Leave out the pictures and print the records below exactly.

.....

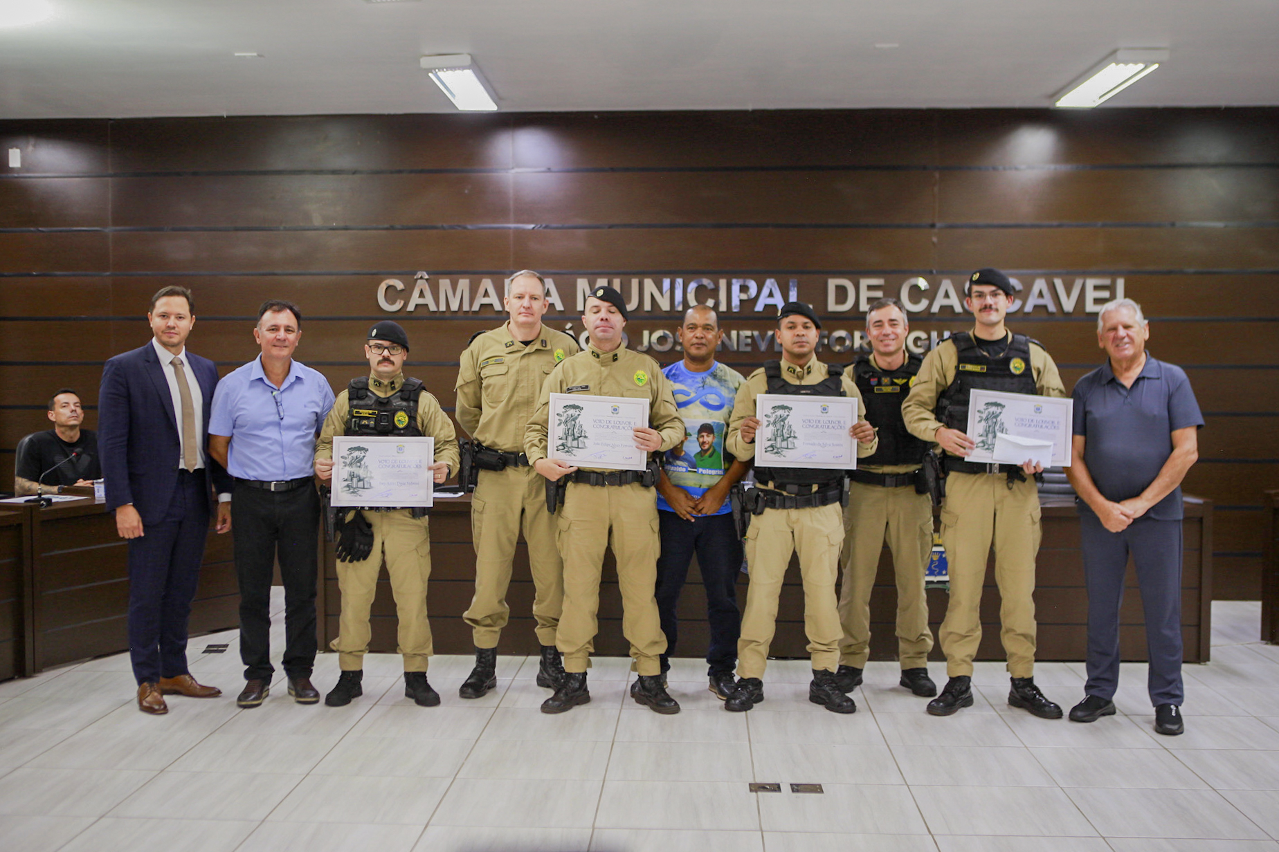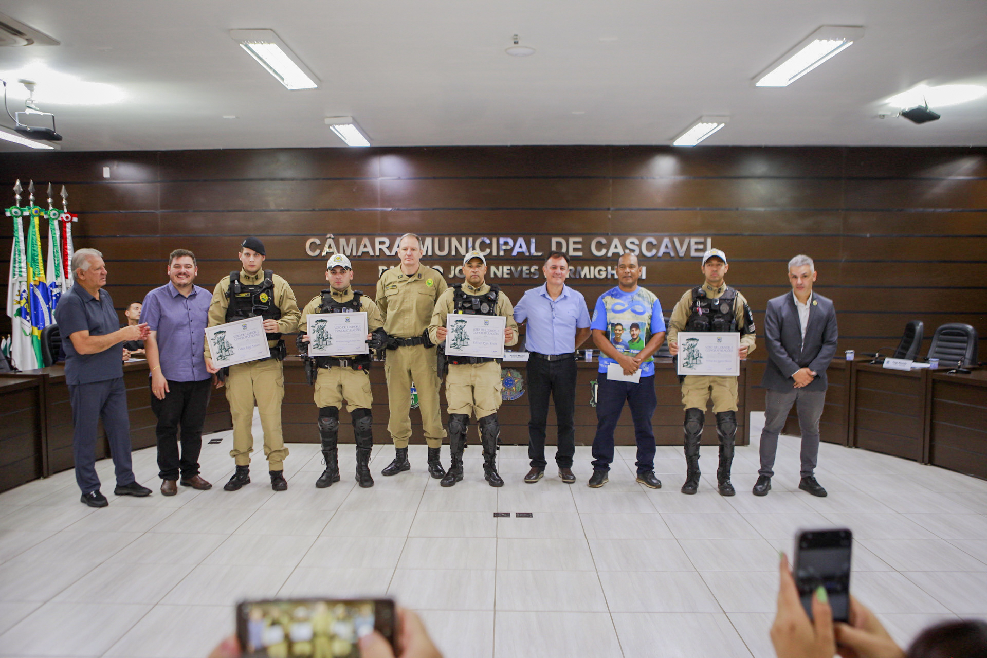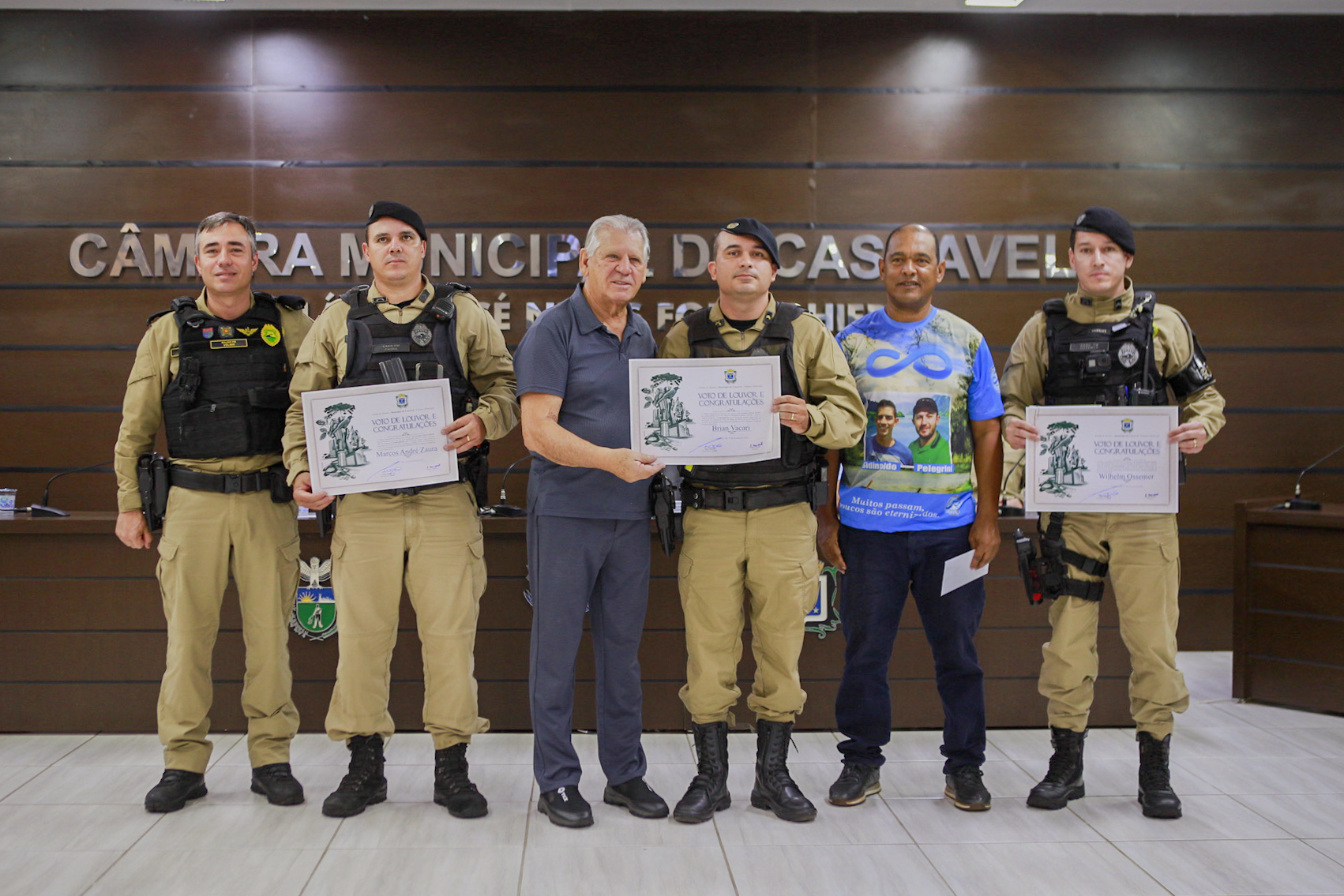 Na sequência, foram entregues Votos de Louvor e Congratulações a vários policiais militares com atuação em Cascavel, como reconhecimento ao destaque em ações de combate ao crime. No total, foram homenageados os seguintes PMs:
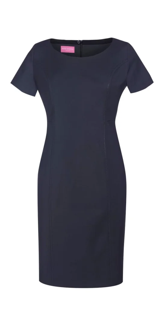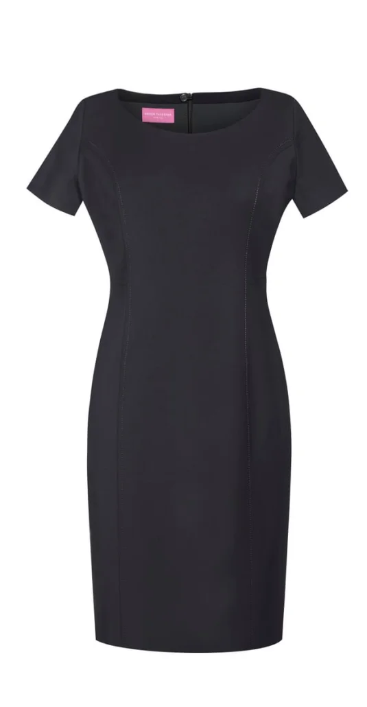 Schlichtes Etuikleid, kurzarm, Teilungsnähte, Rückenschlitz, Stretch-Futterstoff.
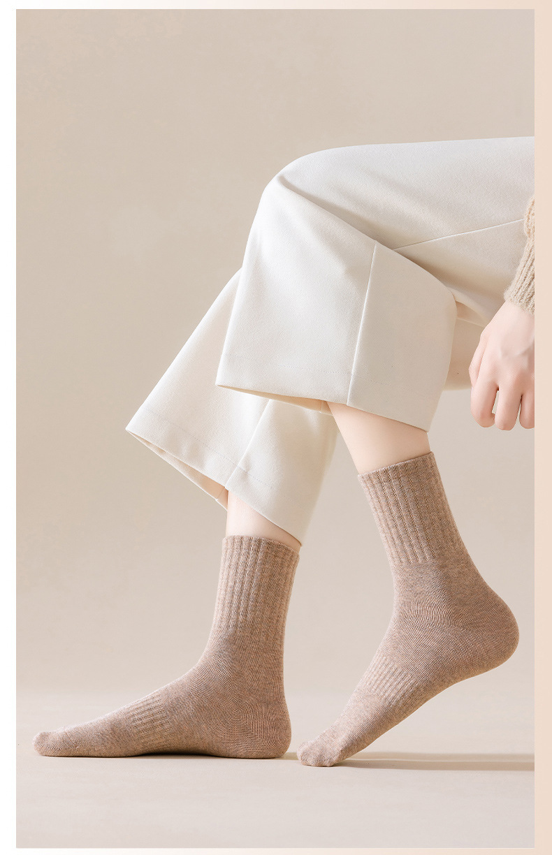 순수 코튼 뼈없는 양말 여성 중반 송아지 양말 가을, 겨울 스포츠 땀 흡수 여성 스타킹 솔리드 컬러 코튼 블랙 중반 송아지 여성 양말
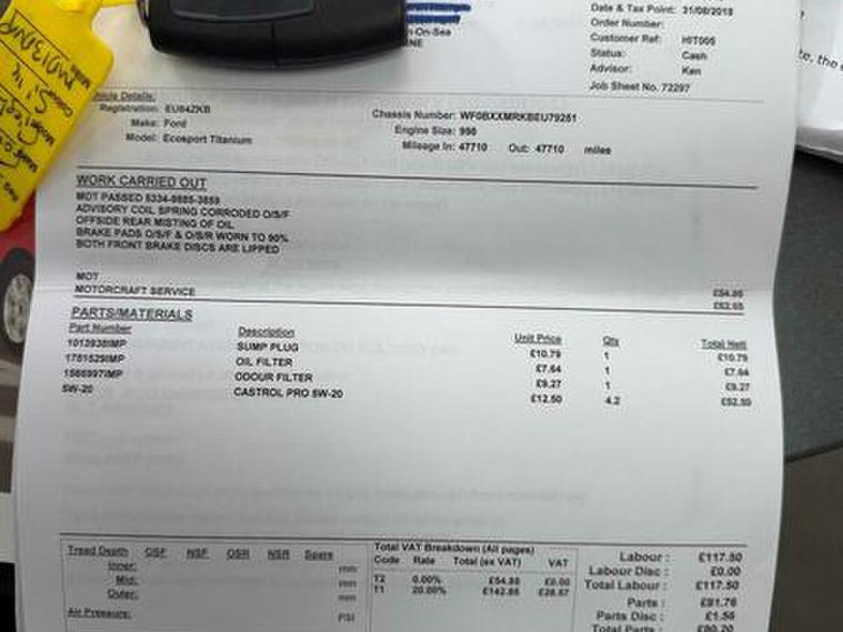 Basford motors ltd delighted to offer this lovely Ford EcoSport 1.0T EcoBoost Titanium 2WD Euro 5 (s/s) 5drBoasting a great service history and only two previous owners, this 2014 Ford EcoSport T Titanium presents a compelling proposition for any discerning driver. Powered by an efficient 1.0L petrol engine, this model offers a remarkable 53 miles per gallon, low insurance grope 11E, making it an economical choice for your daily journeys. The Titanium trim level ensures a comfortable and convenient experience, featuring Electronic Automatic Temperature Control for effortless climate management and keyless entry for seamless access. Furthermore, this vehicle comes with 12 months MOT provided on purchase and a 3 month warranty for your peace of mind.next MOT 04.11.2026
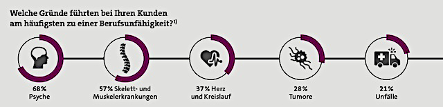 Erkrankungen der Psyche (68 Prozent) und des Muskel-Skelett-Systems (57 Prozent) führen am häufigsten dazu, dass die Versicherten nicht mehr arbeiten können. Herz- und Kreislauferkrankungen liegen mit 37 Prozent der Nennungen auf dem dritten Platz der häufigsten Ursachen für eine Berufsunfähigkeit.
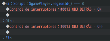 Esto se puede hacer muy fácil con un interruptor o una variable. Llamémosla «OBJ DETRÁS». En la derivación condicional del evento paralelo, pon que cuando se pise la región 8, se activa «OBJ DETRÁS». Y si no se está pisando la región 8 («otro»), se desactiva.

.....

■ Solution for this problem:
 Na sequência, foram entregues Votos de Louvor e Congratulações a vários policiais militares com atuação em Cascavel, como reconhecimento ao destaque em ações de combate ao crime. No total, foram homenageados os seguintes PMs:
 Schlichtes Etuikleid, kurzarm, Teilungsnähte, Rückenschlitz, Stretch-Futterstoff.
 순수 코튼 뼈없는 양말 여성 중반 송아지 양말 가을, 겨울 스포츠 땀 흡수 여성 스타킹 솔리드 컬러 코튼 블랙 중반 송아지 여성 양말
 Basford motors ltd delighted to offer this lovely Ford EcoSport 1.0T EcoBoost Titanium 2WD Euro 5 (s/s) 5drBoasting a great service history and only two previous owners, this 2014 Ford EcoSport T Titanium presents a compelling proposition for any discerning driver. Powered by an efficient 1.0L petrol engine, this model offers a remarkable 53 miles per gallon, low insurance grope 11E, making it an economical choice for your daily journeys. The Titanium trim level ensures a comfortable and convenient experience, featuring Electronic Automatic Temperature Control for effortless climate management and keyless entry for seamless access. Furthermore, this vehicle comes with 12 months MOT provided on purchase and a 3 month warranty for your peace of mind.next MOT 04.11.2026
 Erkrankungen der Psyche (68 Prozent) und des Muskel-Skelett-Systems (57 Prozent) führen am häufigsten dazu, dass die Versicherten nicht mehr arbeiten können. Herz- und Kreislauferkrankungen liegen mit 37 Prozent der Nennungen auf dem dritten Platz der häufigsten Ursachen für eine Berufsunfähigkeit.
 Esto se puede hacer muy fácil con un interruptor o una variable. Llamémosla «OBJ DETRÁS». En la derivación condicional del evento paralelo, pon que cuando se pise la región 8, se activa «OBJ DETRÁS». Y si no se está pisando la región 8 («otro»), se desactiva.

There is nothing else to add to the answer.